Task objective: Using the data below, restate exactly every line from the one with "Though a creative" up to and including the one with "Selling a beautiful". No picture belongs in it.

Data:
○ ○ ○ ○

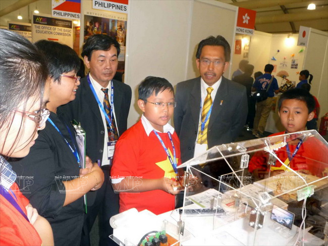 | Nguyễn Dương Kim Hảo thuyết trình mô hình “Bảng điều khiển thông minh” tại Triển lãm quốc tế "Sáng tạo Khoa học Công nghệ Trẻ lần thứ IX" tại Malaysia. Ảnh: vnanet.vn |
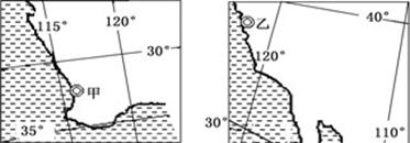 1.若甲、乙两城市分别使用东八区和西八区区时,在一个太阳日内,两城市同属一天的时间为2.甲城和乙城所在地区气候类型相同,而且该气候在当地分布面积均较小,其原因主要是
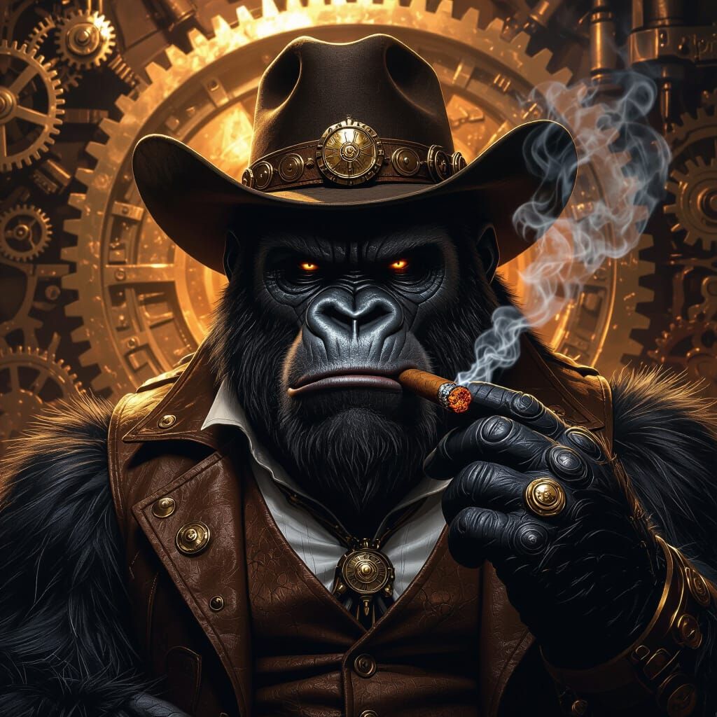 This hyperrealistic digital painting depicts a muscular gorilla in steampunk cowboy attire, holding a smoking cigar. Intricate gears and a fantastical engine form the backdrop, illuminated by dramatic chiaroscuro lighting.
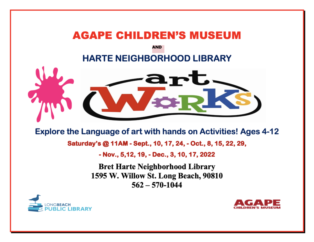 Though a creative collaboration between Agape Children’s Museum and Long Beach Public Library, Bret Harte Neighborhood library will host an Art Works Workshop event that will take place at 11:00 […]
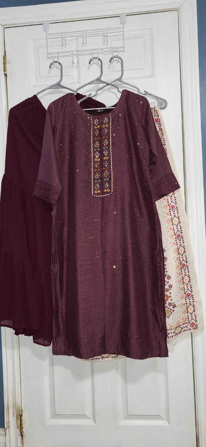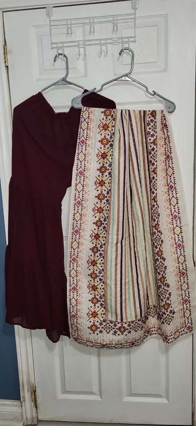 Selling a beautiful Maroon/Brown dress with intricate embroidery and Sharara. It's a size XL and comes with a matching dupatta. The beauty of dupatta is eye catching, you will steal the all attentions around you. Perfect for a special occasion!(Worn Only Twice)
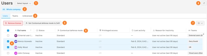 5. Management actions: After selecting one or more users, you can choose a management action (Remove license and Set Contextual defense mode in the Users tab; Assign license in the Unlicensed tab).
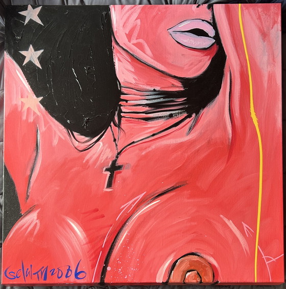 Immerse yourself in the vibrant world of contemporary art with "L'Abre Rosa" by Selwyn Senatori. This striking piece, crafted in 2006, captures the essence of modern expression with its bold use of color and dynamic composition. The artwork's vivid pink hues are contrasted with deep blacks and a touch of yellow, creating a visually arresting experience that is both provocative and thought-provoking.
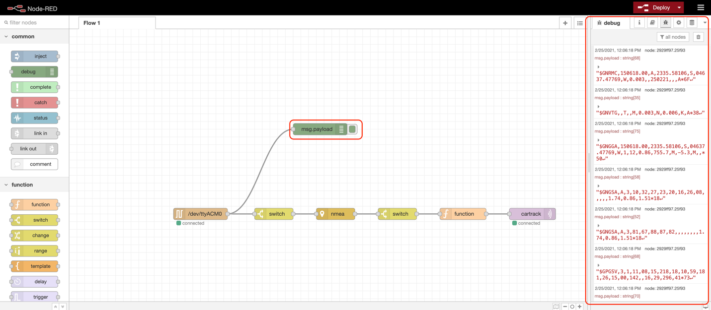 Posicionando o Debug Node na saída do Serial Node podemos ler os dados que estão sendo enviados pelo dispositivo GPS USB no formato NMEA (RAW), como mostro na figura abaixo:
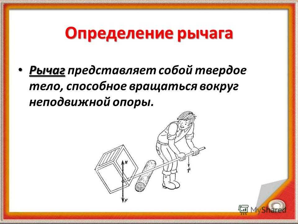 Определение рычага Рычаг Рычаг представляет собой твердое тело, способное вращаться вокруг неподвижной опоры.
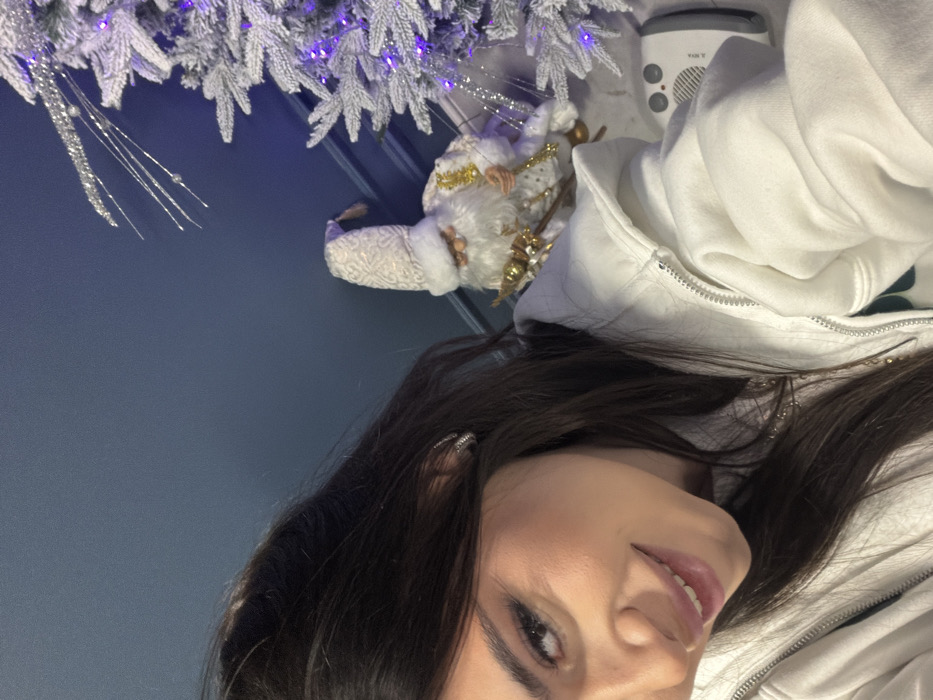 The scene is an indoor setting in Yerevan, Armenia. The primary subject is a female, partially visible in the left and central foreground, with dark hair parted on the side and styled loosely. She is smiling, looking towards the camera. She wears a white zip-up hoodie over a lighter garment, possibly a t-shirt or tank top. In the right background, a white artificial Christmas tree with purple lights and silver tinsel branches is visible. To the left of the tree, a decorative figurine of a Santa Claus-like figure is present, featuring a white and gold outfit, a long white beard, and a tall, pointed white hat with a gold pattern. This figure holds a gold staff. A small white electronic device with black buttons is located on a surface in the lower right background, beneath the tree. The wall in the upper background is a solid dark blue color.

○ ○ ○ ○

Reply:
 Though a creative collaboration between Agape Children’s Museum and Long Beach Public Library, Bret Harte Neighborhood library will host an Art Works Workshop event that will take place at 11:00 […]
 Selling a beautiful Maroon/Brown dress with intricate embroidery and Sharara. It's a size XL and comes with a matching dupatta. The beauty of dupatta is eye catching, you will steal the all attentions around you. Perfect for a special occasion!(Worn Only Twice)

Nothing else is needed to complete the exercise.